The after pictures look too good. Skin like airbrushed magazine models.
(But the eyes … [shudder])
I find value in this maybe not so much as a old-timey photo restorer, but as a very aggressive denoiser, which might create an interesting look in some cases. Here’s a before and after of a photo I took of a friend with weird makeup:
Here’s another example, before and after, of a photo that didn’t need a lot of restoration, but was very grainy because it was taken with high ASA film. Kind of cool results. I can image doing this on individual frames of video for an interesting effect:
They made everyone look prettier, younger, and less grim than I interpret from teh originals.
You don’t need AI to introduce bias. Decades ago, before AI, people created enhanced close-up images of the Dealey Plaza grassy knoll, supposedly showing a 2nd gunman.
Or just people with weak eye muscles.
Great. Now the scratches look sharper and more distinct. I though this program was designed to remove scratches?

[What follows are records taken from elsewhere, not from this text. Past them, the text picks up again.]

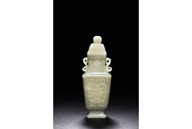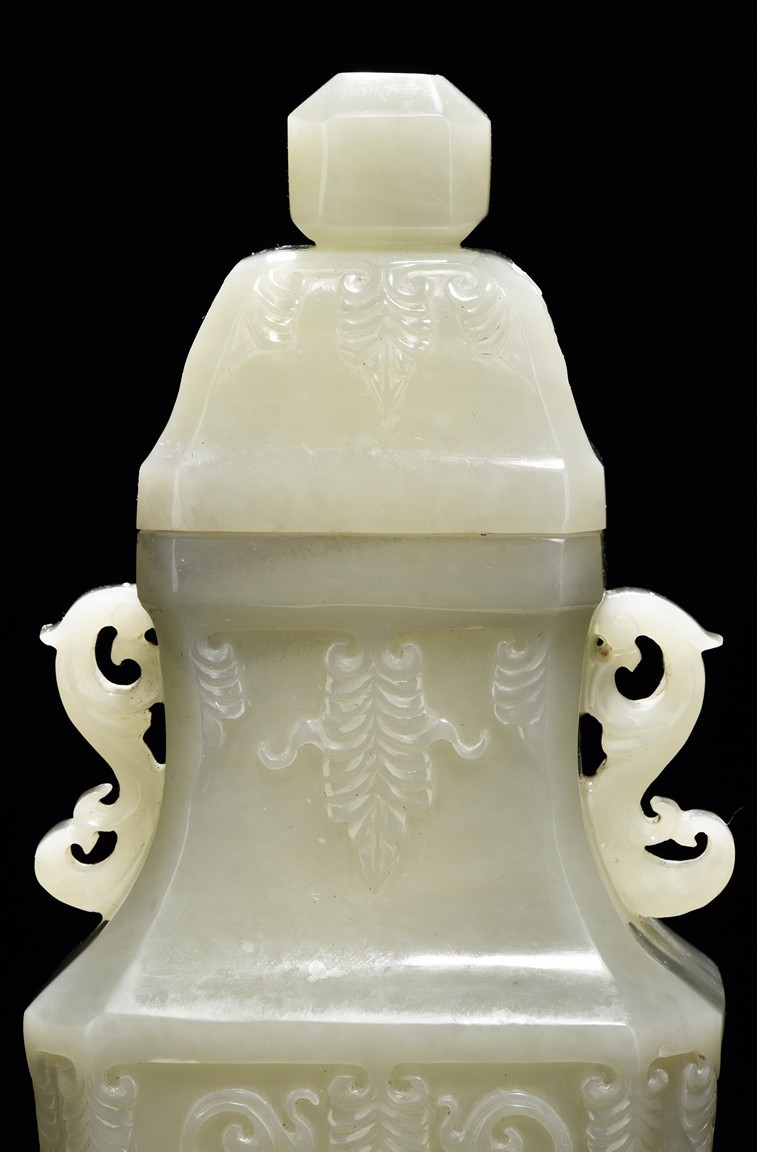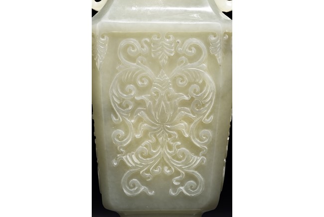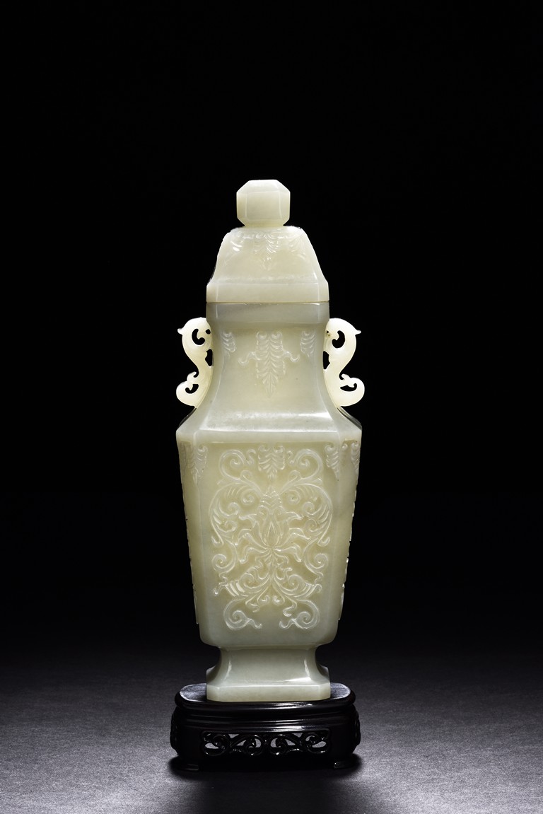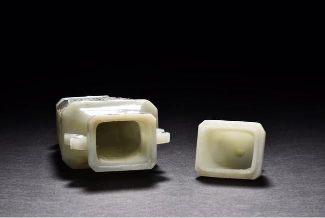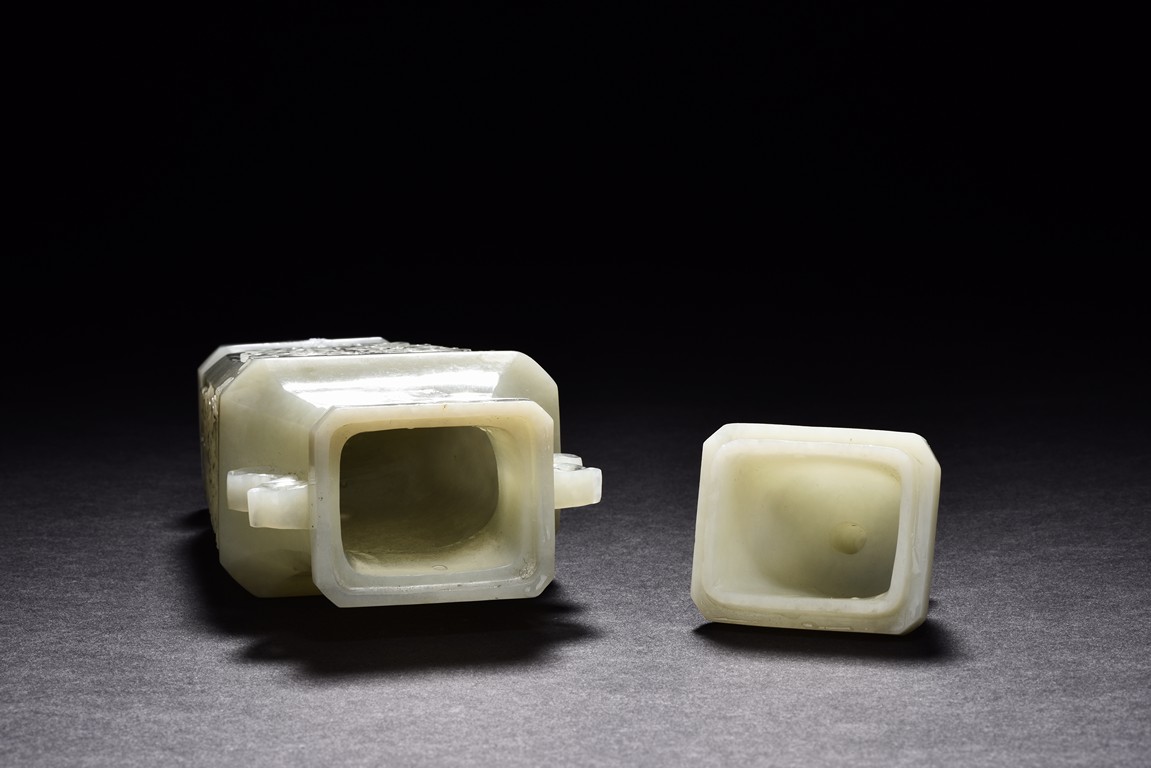 Of flattened baluster form and rectangular section, the body decorated with scrolling foliate motif in shallow relief, rising from a deeply recessed foot, the neck flanked by reticulated strap handles, topped by a knopped domical cover. Qing Dynasty period.
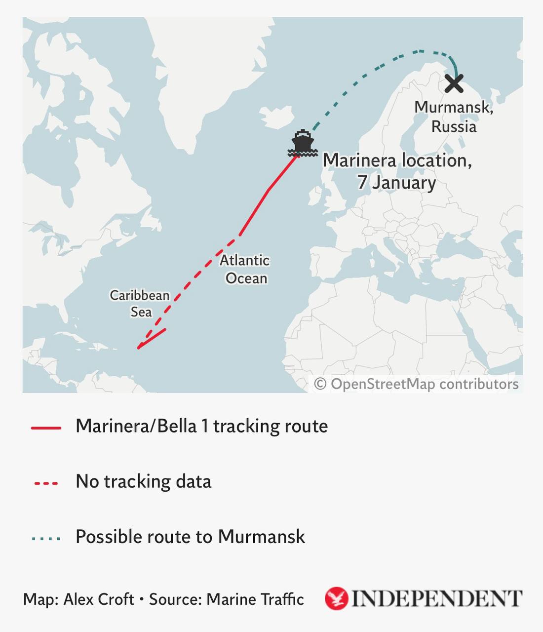 Танкер, ранее известный как Bella-1, более двух недель уходил от американской морской блокады, введенной против судов, перевозящих санкционную нефть. Он прошел Карибское море, вышел в Атлантику и в процессе сменил флаг на российский — очевидная попытка прикрыться Москвой.
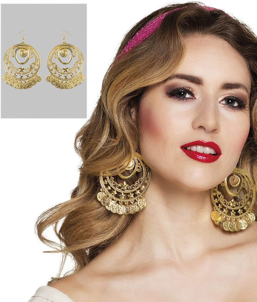 Gli orecchini per danza del ventre di Boland sono l'accessorio ideale per una vasta gamma di costumi orientali Gli orecchini a cerchio sono decorati con ornamenti dorati e stelle Rendi il tuo costume elegante ed elegante con questo fantastico accessorio Gli orecchini possono essere indossati anche nella vita di tutti i giorni Altri bellissimi costumi e accessori sono disponibili nel nostro negozio di marca. Clicca sul marchio Boland sotto il titolo del prodotto
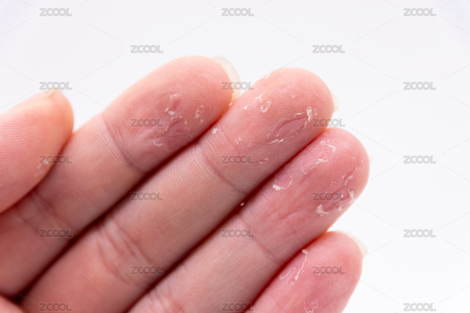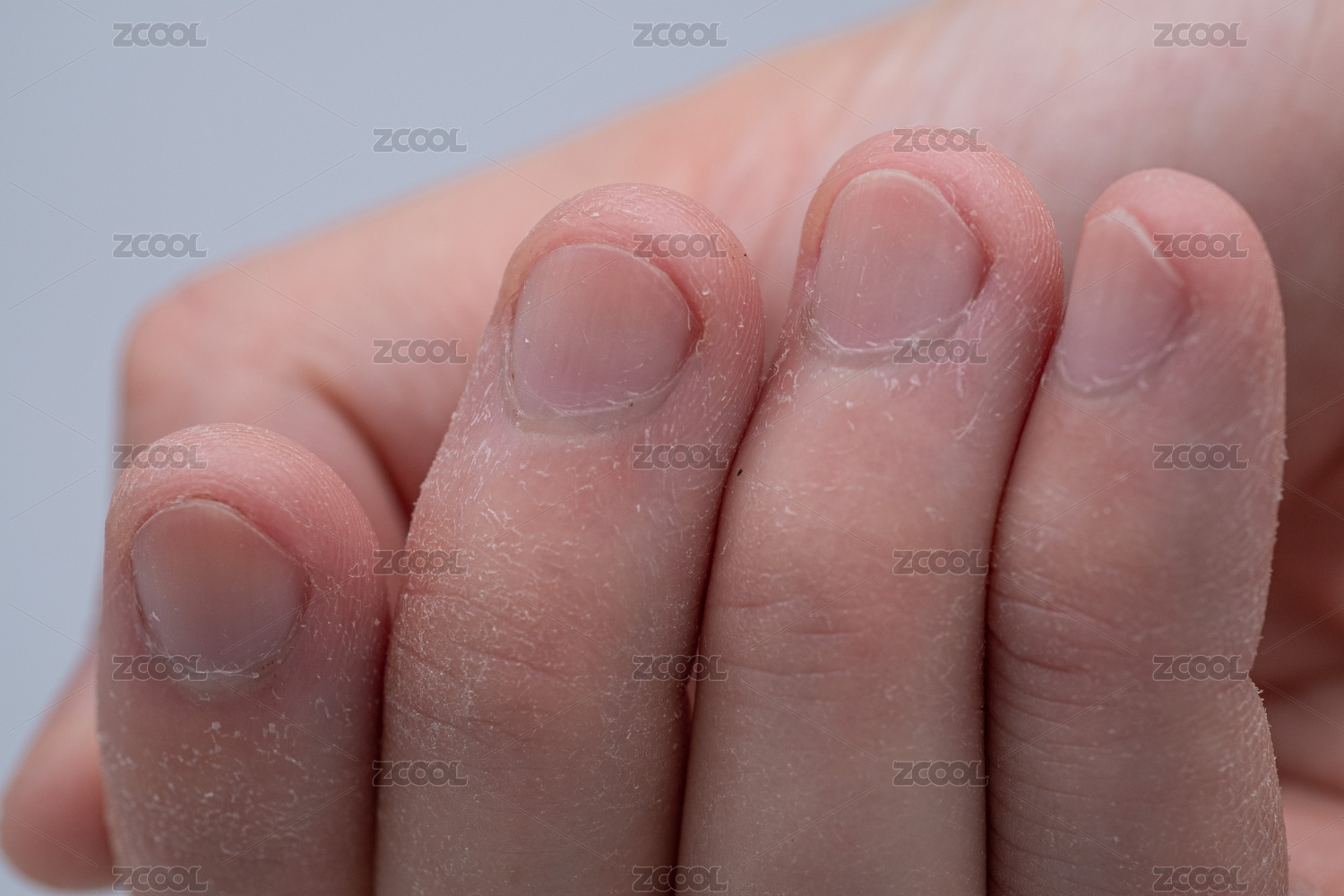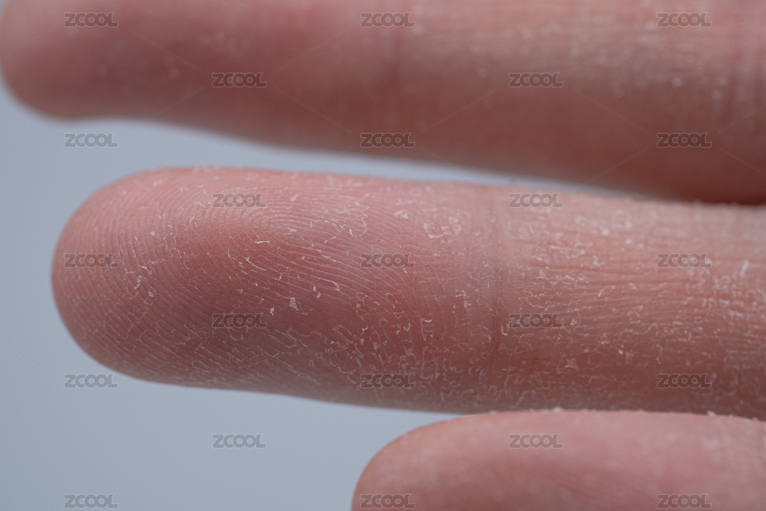 微距特寫手指出現(xiàn)汗皰疹之后蛻皮,角質(zhì)層脫
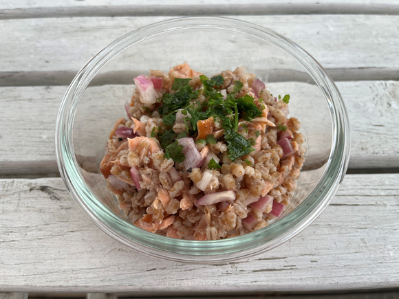 Herkullinen ja täyttävä salaatti valmistuu keitetyistä ohrasuurimoista ja savulohesta. Voit käyttää salaattiin mitä vain kypsää ja suolattua kalaa. Jos tarvitset gluteenittoman salaatin, vaihda ohran tilalle tattari- tai kvinoasuurimoita.
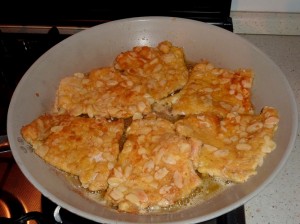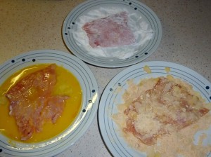 - Passare le fette di carne da entrambi i lati in tre piccoli piatti con farina, uovo sbattuto, e infine un misto di pan grattato e scaglie di mandorle.
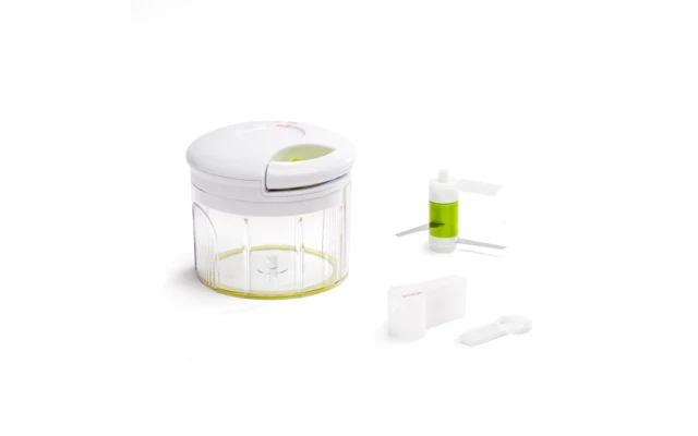 Mit dem Turboline Kräuter- und Gemüseschneider können Sie fast alle Arten von Zutaten schnell und effizient zerkleinern, indem Sie einfach am Griff ziehen! Das patentierte System ist mit schwenkbaren

(couldn’t be simpler, really. Take a picture. Print it on to photo paper. Scan It. Now physically damage the photo. Artificially age it. Train the model to reconstruct the scratch less photo.)
I personally use this with great success of videos and photos.
Imagine a bad piece of taxidermy, where the most impressive aspect is that the artist procured the finest quality glass eyes, and put them in roughly the correct position…,
This is impressive. The enhanced images really do look like they match the originals.
The main problem are the eyes, which look unnatural.
Some of the issue with eyes may be from the use of blue-sensitive orthochromatic photo film which was typical 100 years ago. Colors that are close to blue will be bleached out. This is why the irises of actors from the 1920’s look so strange. The AI engine may be struggling with that if it has been trained on pictures taken with panchromatic film.